Es lag an den Einwechselspielern, dass der Test gegen Kamerun nicht richtig schief ging. Erst glich Müller den Führungstreffer von Samuel Eto'o (62.) aus, nach Flanke von Jérôme Boateng (66.). Der zweite deutsche Treffer war eine Koproduktion der eingewechselten Lukas Podolski und André Schürrle, letzterer traf (71.). Schließlich nutzte Choupo-Moting eine der Unzulänglichkeiten in der deutschen Abwehr zum Endstand (78.).

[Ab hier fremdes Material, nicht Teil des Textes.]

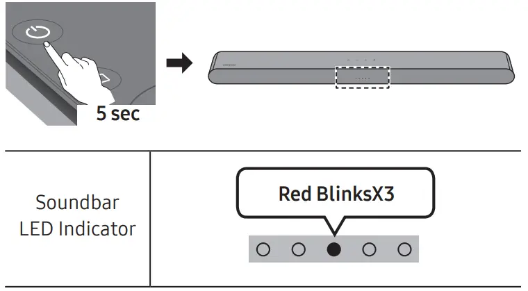 Press the Up button on the Soundbar remote control for 5 seconds.
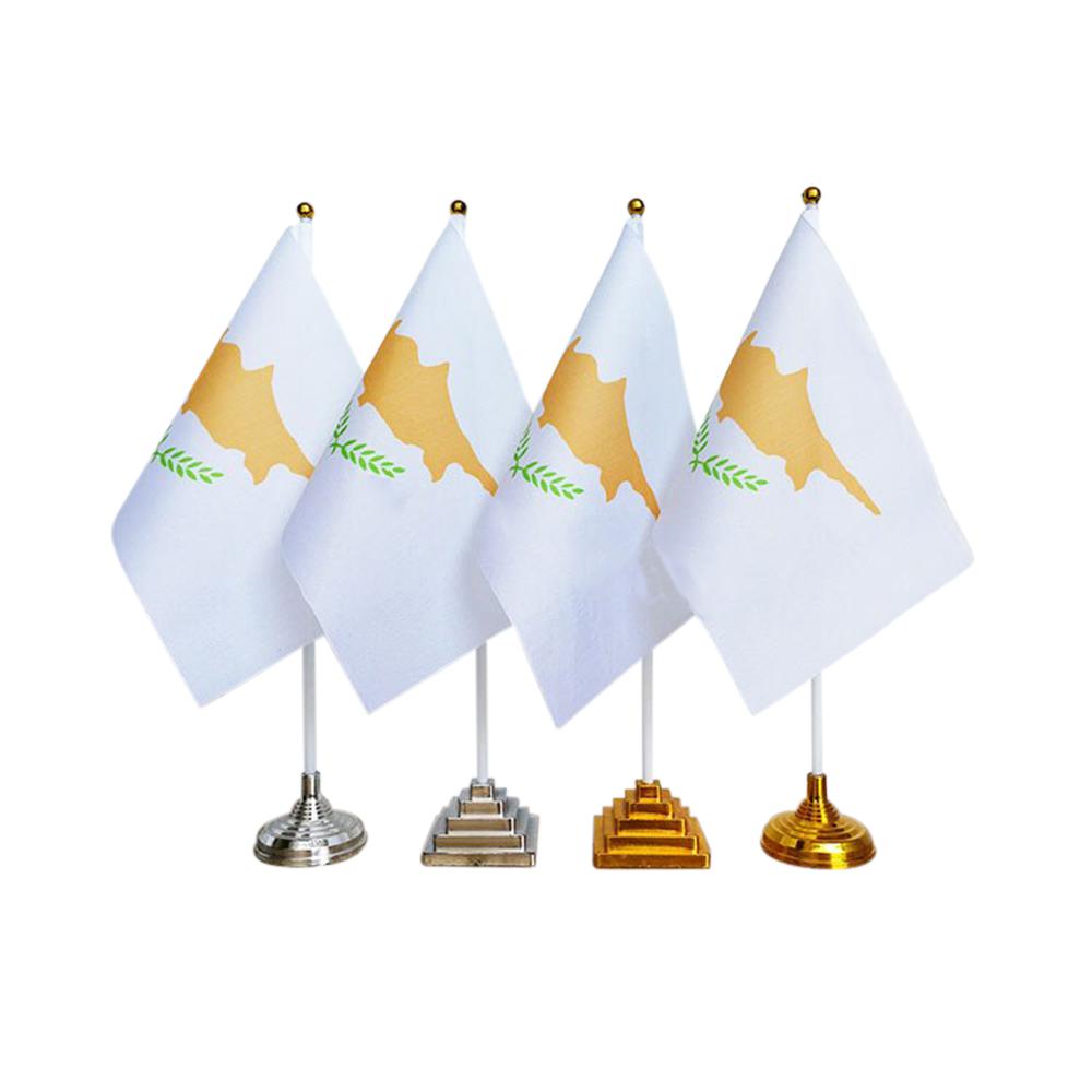 Ecco la bandiera da tavolo di Cipro. Questa splendida bandiera cipriota da tavolo è perfetta per aggiungere un tocco di stile alla tua casa, al tuo ufficio o da utilizzare in occasione di eventi o riunioni. È dotata di una base per garantire un'ottima stabilità. La bandiera da tavolo è realizzata con materiali di alta qualità. Presenta un design vivido che attirerà certamente l'attenzione di tutti.

Für Verbesserungsmaßnahmen, etwa an der Chancenverwertung, wie Löw gesondert heraushob, bleibt wenig Zeit. Nach der Nominierung am Montag erhalten die Nationalspieler zwei Tage frei. Am Donnerstag trifft sich das Team in Mainz, am Freitag findet das Testspiel gegen Armenien statt, am Samstag fliegt die Mannschaft nach Brasilien.

Diese Phase direkt vor der WM ist eine für unerschütterliche Optimisten. Also für Thomas Müller. Ob es nicht bedenklich sei, dass so viele Stammspieler kurz vor dem Turnier nicht fit sind, wurde der Münchner gefragt. "Nö", antwortete Müller, "das ist doch positiv. Dann haben wir noch ein paar Eisen im Feuer."